Over the past few years, we’ve worked with two world-class manufacturing clients in two different segments. The first, which we will call PaperCo, was in the paper manufacturing segment and the second, PipeCo, was in pipeline manufacturing.

PaperCo was under enormous pressure with the spread of web-based alternatives, driving a focus on optimizing operations and leveraging accessible techniques to improve efficiency. PipeCo, however, had just commissioned a new facility and was struggling to fulfill orders on time due to substantial demand, which is a good problem to have.

Throughout our involvement, we couldn’t help but notice the striking difference in their efforts to optimize operations. On one hand, every meeting we had at PaperCo and every work product we produced had to be linked to the esteemed internal optimization program in some shape or form. This was the case regardless of whether it was to link our recommendations to in-flight initiatives, assess their impact on existing initiatives, or determine if our recommendations represented a new initiative and how it would fit into the biblical optimization program. On the other hand, identified optimization opportunities at PipeCo seemed to be perceived as a consultant muscle-flex and were rarely taken seriously or received as a genuine consideration. In other words, optimization opportunities were received as a “must have” at PaperCo but a “nice to have” at PipeCo.

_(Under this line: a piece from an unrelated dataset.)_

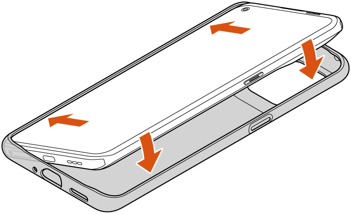 本製品と保護ケース(試供品)の角を合わせ、矢印の向きで本製品を保護ケース(試供品)にはめ込む
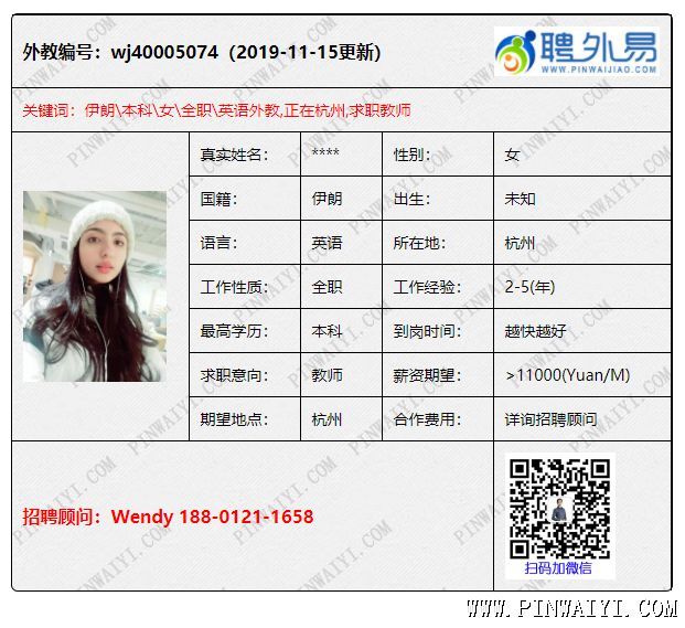 目前国内最高效,最实用的招聘模式就是通过聘外易平台模式来招聘,经常招聘外教的学校会知道,其实求职哪里的外教都有,只是不确定求职当地的外教在哪家机构的手里面,这种招聘模式的高效在于,可以准确的匹配到求职当地的外教,众多机构可以同时匹配给一家学校外教资源,学校可选资源多,只要学校给的薪资待遇合理,都可以非常快速的招聘到合适的外教,外教到岗前从面试到签合同办理工签,中介机构会一直辅助跟进,直到外教成功到岗。 近期正在求职的外教: 招聘外教选对模式非常重要,不仅要考虑招聘成本,更应该考虑高效省时又省心,好外教都是挑出来的,享受轻松招聘就选聘外易! |

By applying reasonably attainable returns from the traditional optimization initiatives (sourcing consolidation, scheduling rationalization, working capital optimization, etc.) that were attained by PaperCo to PipeCo operations, the estimated size of opportunity for year 1 was a staggering 36% of reported operating cost at PipeCo. Simply put, this was money left on the table.

The good news is that in most cases, opportunities for efficiency improvement never cease to exist; so in essence, it’s never too late. Whether you are contemplating at the infancy stages or have already made strides, here are a few considerations as you gear up for greatness:

Do’s:

  • Institutionalize optimization policies as part of operational priorities and nominate sponsors from different areas of the business. Set up a program management office to evaluate, prioritize, plan, and track identified initiatives by using leading practices in program and project management. Be mindful of initiative interdependencies and interrelationships.
  • Deploy cross-functional hybrid teams of internal and external resources. The synopsis of those teams should clearly identify the external resources’ roles and responsibilities, have built-in mechanisms for skills transfer from external to internal resources, and, therefore, a well-defined and closely monitored timeframe to gradually transition full control to internal resources.
  • Design a synchronized and phased target-and-reward system with strategically aligned prioritization of opportunities. Priority should be given to high-impact areas to promote optimization mindset and facilitate leadership buy-in. Targets should be realistic and rewards should be linked to sponsors’ compensation on an exponential basis.
  • Leverage existing methodologies and techniques for efficient attainment. Lean Six Sigma and Agile methodologies are common and easily accessible optimization techniques.
  • Team up with experts that possess complementary skills to internal teams for effective and successful delivery. Selection criteria should emphasize needed skills over price, you can’t afford waste in the name of savings and value creation.
  • Be mindful of the associated cultural change elements. Promote programs as they truly are; opportunities rather than threats, and adopt culture changes that enable contribution and participation across the organization.
  • Leverage optimization programs as tools in the development of future leaders and change agents within the organization.

Don’ts:

  • Reinvent the wheel by overlooking existing methodologies and techniques that can help you achieve results efficiently.
  • Pay down the team selection process. Ensure internal sponsors and team members are selected based on the appropriate skill-set and motivation.
  • Overlook the anticipated workload. Take into account existing workload and be prepared to invest internal resources’ time while effectively managing impact on productivity.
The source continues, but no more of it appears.